1. Los Angeles is No. 1 with most cleantech companies in California. According to a report released by the Environmental Defense Fund (EDF) in August 2010, Los Angeles County tops the state with 490 businesses and work places that specialize in five sectors of cleantech industry: low-carbon energy, energy efficiency, transportation, green buildings and carbon markets. The data includes both public and private sector employers and shows that the number of cleantech businesses and green work spaces is up by 60% from 2009..

2. Los Angeles is a true solar city. Solar LA is the largest and most ambitious solar plan undertaken by any single city in the world. Initially unveiled by Mayor Villaraigosa and the Los Angeles Department of Water and Power in late 2008, it lays out a far-reaching course of action to create a network of residential, commercial and municipally-owned solar structures to replace more volatile fossil fuels, such as coal during peak energy demand.

3. Los Angeles is funding its own policy goals. Led by Mayor Antonio Villaraigosa, the City of Los Angeles and the State of California have driven innovative policies shaping the green economy in the region. From the green building ordinance, to renewable energy standards, The LA River Revitalization Plan, Solar LA to the Mayor’s Water Plan, the City leadership is finding solutions for both the region’s environmental needs and to drive international and local markets. Since 2008, the city has been investing more than $10 billion to drive the green economy and the cleantech industry. The mayor’s leadership, which has been called, “bold and visionary,” is backed by unified support of city policies and regulatory incentives.

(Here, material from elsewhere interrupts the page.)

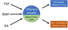 Placodes are transient, focal aggregations of ectoderm located in the developmental region of the future vertebrate head, and give rise to sensory organs.[11] Early cranial sensory placodes are marked by expression of Six1, part of the Six family of transcription factors that regulate preplacodal ectoderm specification.[12] The olfactory placode forms as two thickenings of non-neural region of embryonic ectoderm.[13] In mice, the olfactory placode derives from an anterior portion of the neural tube, ~9-9.5 days into development and not long after the closure of the neural plate.[9] Development of the olfactory placode requires the presence underlying neural crest-derived mesenchymal tissue.[12] The specification of the olfactory placode tissue involves signaling of multiple gene networks, beginning with signals from bone morphogenetic proteins (BMP), retinoic acid (RA), and fibroblast growth factor (FGF), specifically FGF8.[14] The resulting regulated downstream expression of transcription factors, such as Pax6, Dlx3, Sox2, and others, within the presumptive olfactory placode are crucial for sub-regionalization within the future olfactory epithelium and is responsible for the diversity of cells that compose the future epithelium.[9][12][15]

4. Los Angeles is committed to collaboration. CleanTech Los Angeles (CleanTech LA) brings together business, government, and academia to grow the cleantech sector in Los Angeles.

Founded in 2009, CleanTech LA works to promote sustainability and economic growth by connecting LA’s cleantech professionals, telling LA’s cleantech story to the world, and supporting collaborative research, technology commercialization and job creation. With the right mix of organizations, CleanTech Los Angeles shows a serious commitment to growing and leading the cleantech industry in Los Angeles, and a serious potential for success. Its goals are to create jobs, stimulate demand and to facilitate environmental solutions. Member organizations include: Los Angeles Mayor’s Office, The Community Redevelopment Agency of the City of Los Angeles, UCLA, USC, Caltech, Jet Propulsion Laboratory, Central City Association, Los Angeles Area Chamber of Commerce, Los Angeles Business Council and the Los Angeles County Economic Development Corporation.

5. Los Angeles is a magnet for cleantech investment. Investors love Los Angeles. According to Ernst & Young, Southern California is a prime place to invest, second only to the San Francisco Bay Area. In 2009, Sothern California received annual investment of $329.5 million. Some of these investors include, but aren’t limited to: Craton Equity Partners, DJF Frontier, NGEN Partners LLC, and US Renewables Group.

6. Los Angeles at the forefront of research. Los Angeles is crawling with engineering schools and boasts one of the top clusters of research universities in the world. Alone, the city will be receiving nearly $40 million in DOE funds to accelerate scientific breakthroughs needed for “build a 21st century economy.” Caltech, UCLA and USC were among 46 sites selected by the U.S. Department of Energy Office of Science in 2009 to receive investment funds over five years for Energy Frontier Research Centers related to advanced materials and solar energy.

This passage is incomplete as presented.